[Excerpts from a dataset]
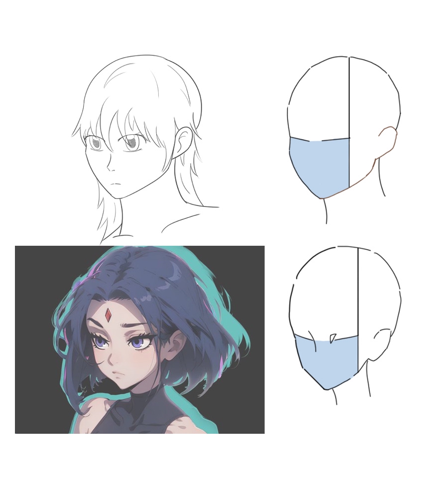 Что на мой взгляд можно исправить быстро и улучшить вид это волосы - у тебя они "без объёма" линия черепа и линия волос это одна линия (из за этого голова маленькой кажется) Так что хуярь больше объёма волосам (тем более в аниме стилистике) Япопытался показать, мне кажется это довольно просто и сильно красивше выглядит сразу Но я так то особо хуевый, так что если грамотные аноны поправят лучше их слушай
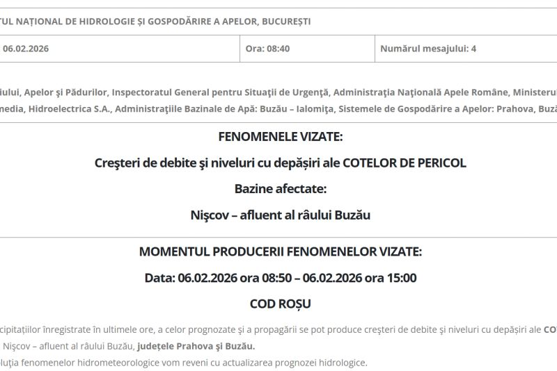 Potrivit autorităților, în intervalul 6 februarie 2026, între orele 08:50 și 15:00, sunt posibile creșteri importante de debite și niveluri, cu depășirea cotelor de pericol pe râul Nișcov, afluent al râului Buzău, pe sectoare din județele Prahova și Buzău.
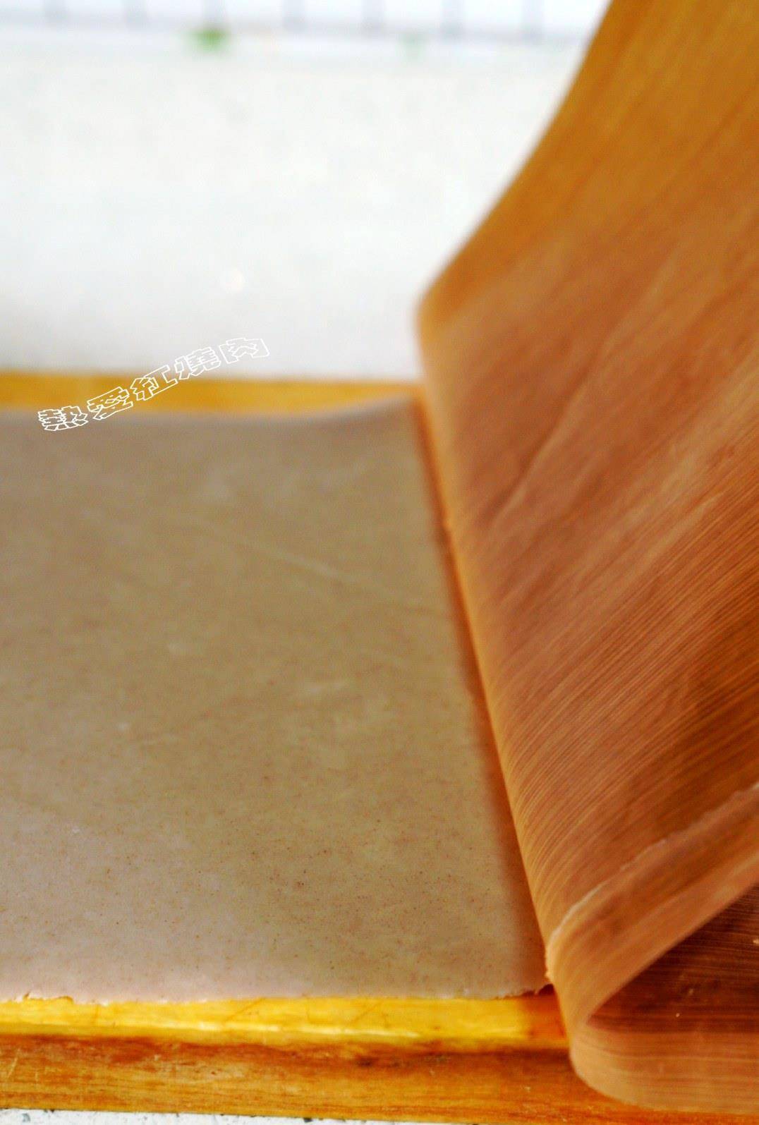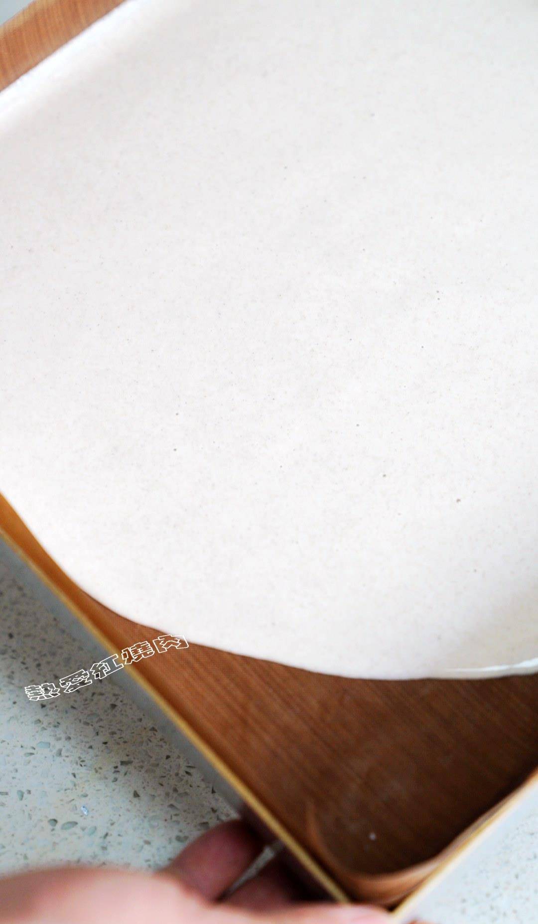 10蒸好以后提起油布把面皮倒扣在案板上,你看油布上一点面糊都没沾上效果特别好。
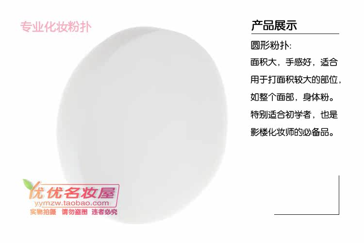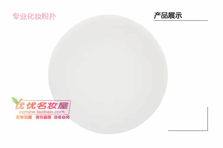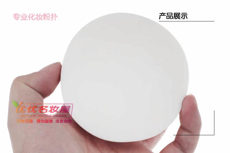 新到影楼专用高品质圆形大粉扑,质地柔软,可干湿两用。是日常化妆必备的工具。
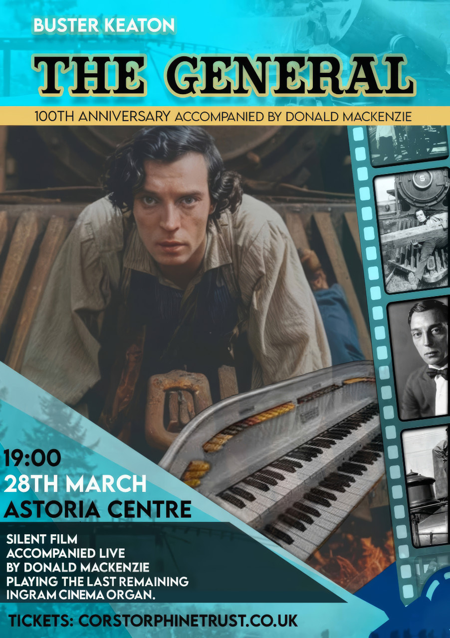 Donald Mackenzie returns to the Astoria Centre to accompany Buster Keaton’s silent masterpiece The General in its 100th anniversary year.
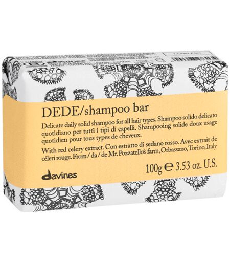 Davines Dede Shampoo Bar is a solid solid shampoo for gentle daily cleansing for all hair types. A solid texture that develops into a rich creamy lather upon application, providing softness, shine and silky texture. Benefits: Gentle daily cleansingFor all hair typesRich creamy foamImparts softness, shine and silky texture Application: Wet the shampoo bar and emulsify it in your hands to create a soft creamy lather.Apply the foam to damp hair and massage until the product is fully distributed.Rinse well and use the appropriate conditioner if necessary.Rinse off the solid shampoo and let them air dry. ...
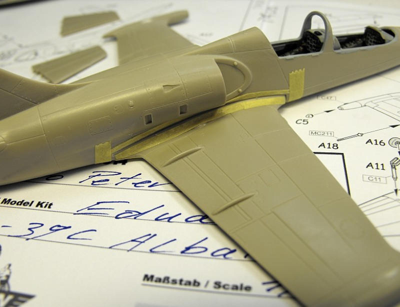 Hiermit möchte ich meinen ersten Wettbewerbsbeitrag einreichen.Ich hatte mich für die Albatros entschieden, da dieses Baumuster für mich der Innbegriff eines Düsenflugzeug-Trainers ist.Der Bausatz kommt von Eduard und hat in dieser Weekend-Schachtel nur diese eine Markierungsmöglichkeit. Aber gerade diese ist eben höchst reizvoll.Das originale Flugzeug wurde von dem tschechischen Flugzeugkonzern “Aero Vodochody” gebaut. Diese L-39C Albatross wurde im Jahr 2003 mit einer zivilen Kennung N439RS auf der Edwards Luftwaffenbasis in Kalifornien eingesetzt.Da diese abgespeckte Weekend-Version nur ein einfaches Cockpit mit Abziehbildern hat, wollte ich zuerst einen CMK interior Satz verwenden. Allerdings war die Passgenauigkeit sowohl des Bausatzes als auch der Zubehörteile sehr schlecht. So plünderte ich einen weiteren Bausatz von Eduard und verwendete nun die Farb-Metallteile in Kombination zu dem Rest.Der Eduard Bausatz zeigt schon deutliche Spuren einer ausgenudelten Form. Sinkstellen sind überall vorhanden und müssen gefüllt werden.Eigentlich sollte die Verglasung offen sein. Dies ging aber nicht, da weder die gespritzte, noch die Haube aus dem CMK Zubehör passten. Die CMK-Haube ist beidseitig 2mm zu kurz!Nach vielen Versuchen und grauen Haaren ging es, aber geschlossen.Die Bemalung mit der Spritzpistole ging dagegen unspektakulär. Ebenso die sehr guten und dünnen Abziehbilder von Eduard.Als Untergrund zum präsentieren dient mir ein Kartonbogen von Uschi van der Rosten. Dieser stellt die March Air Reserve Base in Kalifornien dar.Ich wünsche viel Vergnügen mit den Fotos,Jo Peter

_EXERCISE_
Using the records above, repeat exactly the run of lines that starts with the line with "10蒸好以后提起油布把面皮倒扣在案板上,你看油布上一点面糊都没沾上效果特别好。" and goes on through the line with "Donald Mackenzie returns"; omit each picture.

_RESPONSE_
 10蒸好以后提起油布把面皮倒扣在案板上,你看油布上一点面糊都没沾上效果特别好。
 新到影楼专用高品质圆形大粉扑,质地柔软,可干湿两用。是日常化妆必备的工具。
 Donald Mackenzie returns to the Astoria Centre to accompany Buster Keaton’s silent masterpiece The General in its 100th anniversary year.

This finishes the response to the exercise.